## YOUR GOAL
If pictures appear in the lines below, skip them and copy exactly the lines from the one containing "Drop pins to" through the one containing "罗山鸿书记主持招生宣讲环节,全面讲述了上", and nothing else.
Start of TASK MATERIAL
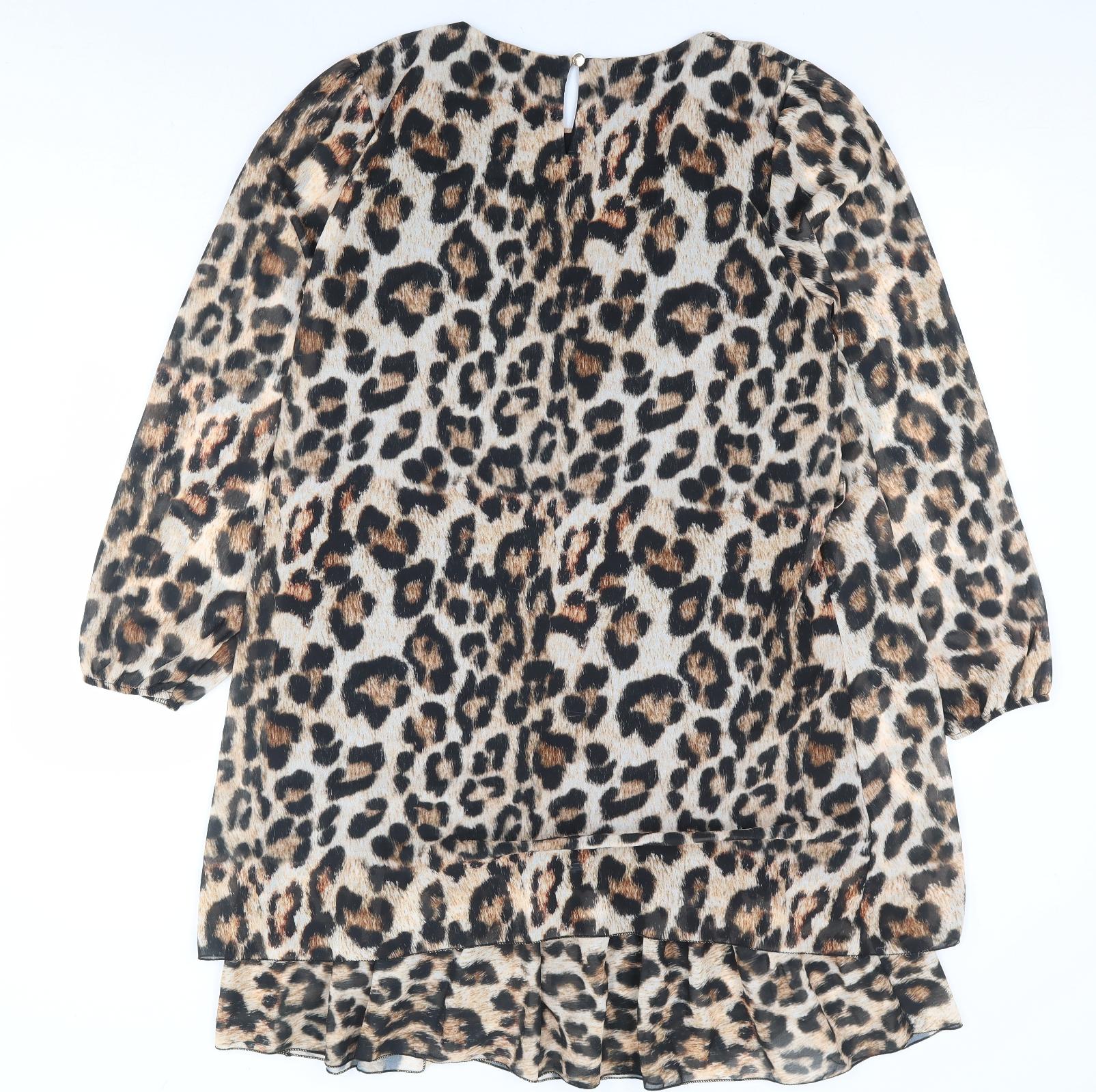 Boohoo Womens Brown Animal Print Polyester A-Line Size 12 Round Neck Button - Leopard Print
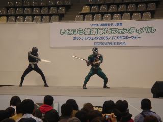 仮面ライダー響鬼ショーは小さな子供さんで大賑わいでした。仮面ライダー人気はロングランなんですね。
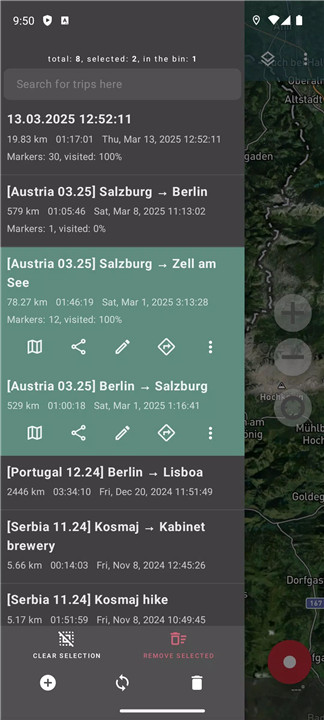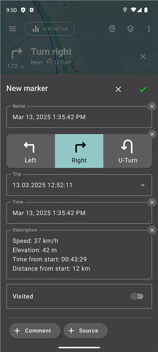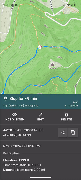 Drop pins to mark important locations like viewpoints, campsites, or water sources. Share your adventures with friends by sending GPX or KML route files. You can also post colorful screenshots of your tracks to social media to show off your progress.
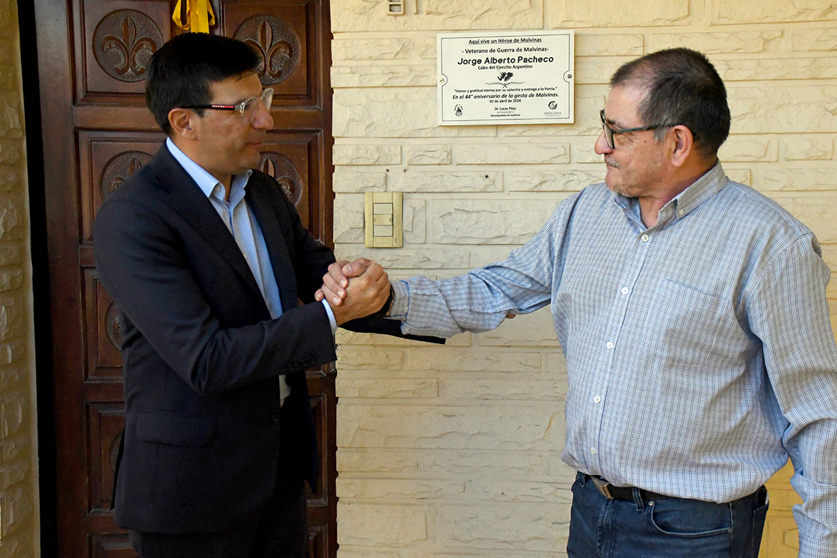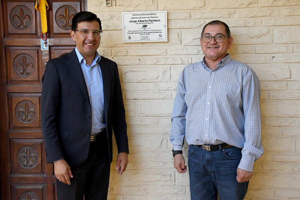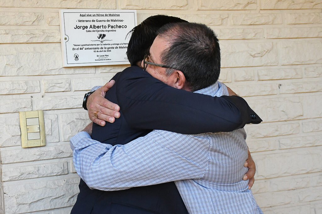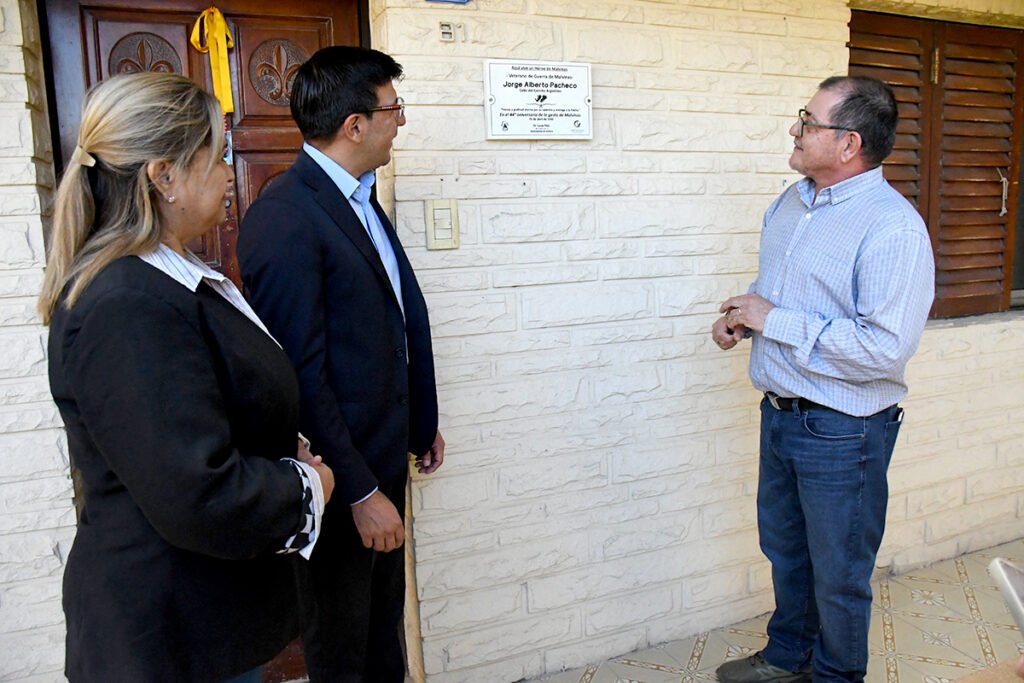 Este año, Jorge Alberto Pacheco no pudo estar para la entrega de reconocimientos que se hizo a los familiares y veteranos durante el acto oficial de la ciudad, pero este viernes recibió una placa en su domicilio, con la leyenda “Aquí vive un Héroe de Malvinas.
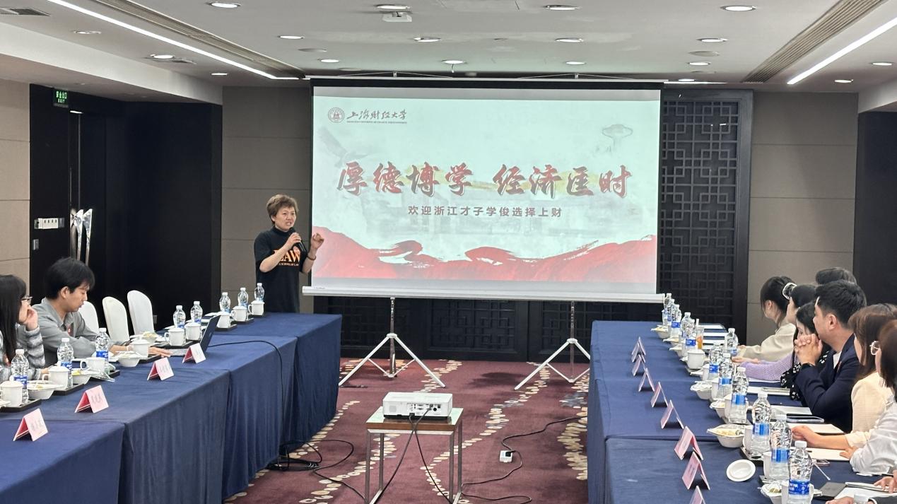 罗山鸿书记主持招生宣讲环节,全面讲述了上海财经大学在学科建设领域的雄厚根基、人才培养模式的创新突破以及学生职业发展支持体系的完善架构。一系列详实可靠的数据资料,多维度、立体化地展示浙江地区招生政策,使校友们深切感知到母校对浙江招生工作的高度关切与倾力投入。
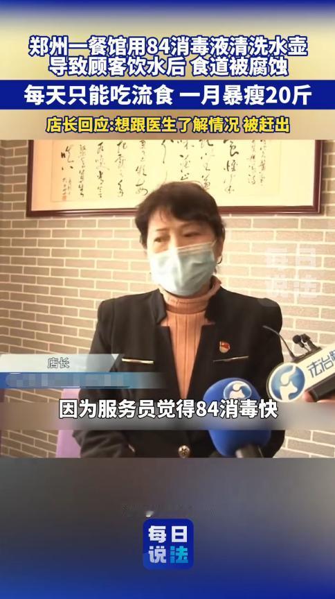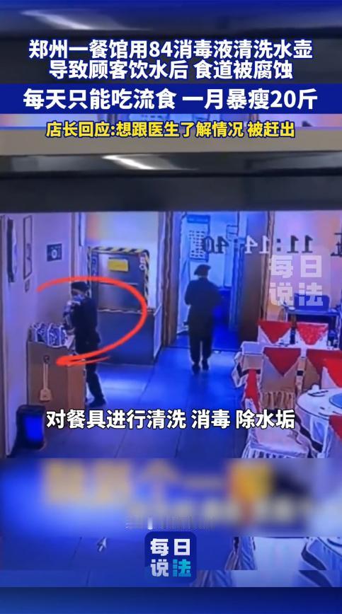 “必须严惩!”11月21日,河南郑州,一男子去饭店吃饭,尝了一口水,感觉味道比较酸,10分钟后,服务员匆忙跑了过来,换了个新的水壶。可到了下午,男子突然腹痛、恶心,询问后才知道,服务员用84消毒液清洗水壶!店长:一个小小的失误。 84消毒液很多家庭里面都有,用来清除难除的污渍非常方便,想必大家也知道,这玩意有毒,是不能食用的,所以平时一定要妥善保存,不能让孩子接触到。 当天中午,简先生和朋友们去饭店吃饭,由于一上午没怎么喝水,他先端起水杯喝了一口,可是却感觉味道有些不对,询问服务员,对方表示可能是泡了什么东西。 简先生觉得这也正常,就把一整杯水全喝了,可是10分钟后,一名服务员着急忙慌的跑了过来,给他们更换了新的水壶。 几人并没有在意,吃完饭后便回去继续工作了。可是到了下午,简先生的肚子却疼得厉害,而且嗓子也有灼烧感。 几个小时后,简先生的症状再度恶化,他详细询问了服务员,对方这才交代那个水壶里有84消毒液! 由于现在洗胃已经来不及了,简先生只能一点点的治疗,如今已经住了一个多月的院,整日只能吃流食,瘦了20多斤! 这件事希望能给所有餐饮行业的老板一个警示,食品安全是最重要的,岂能用打扫卫生的东西来清洁餐具?这完全是对顾客的不负责。 信息来源:《喝用84消毒液洗过的水壶倒的水,顾客住院爆瘦20斤 当事人:不理解为什么有人用84清洗餐具。》新快报
End of TASK MATERIAL
## ANSWER SPACE
 Drop pins to mark important locations like viewpoints, campsites, or water sources. Share your adventures with friends by sending GPX or KML route files. You can also post colorful screenshots of your tracks to social media to show off your progress.
 Este año, Jorge Alberto Pacheco no pudo estar para la entrega de reconocimientos que se hizo a los familiares y veteranos durante el acto oficial de la ciudad, pero este viernes recibió una placa en su domicilio, con la leyenda “Aquí vive un Héroe de Malvinas.
 罗山鸿书记主持招生宣讲环节,全面讲述了上海财经大学在学科建设领域的雄厚根基、人才培养模式的创新突破以及学生职业发展支持体系的完善架构。一系列详实可靠的数据资料,多维度、立体化地展示浙江地区招生政策,使校友们深切感知到母校对浙江招生工作的高度关切与倾力投入。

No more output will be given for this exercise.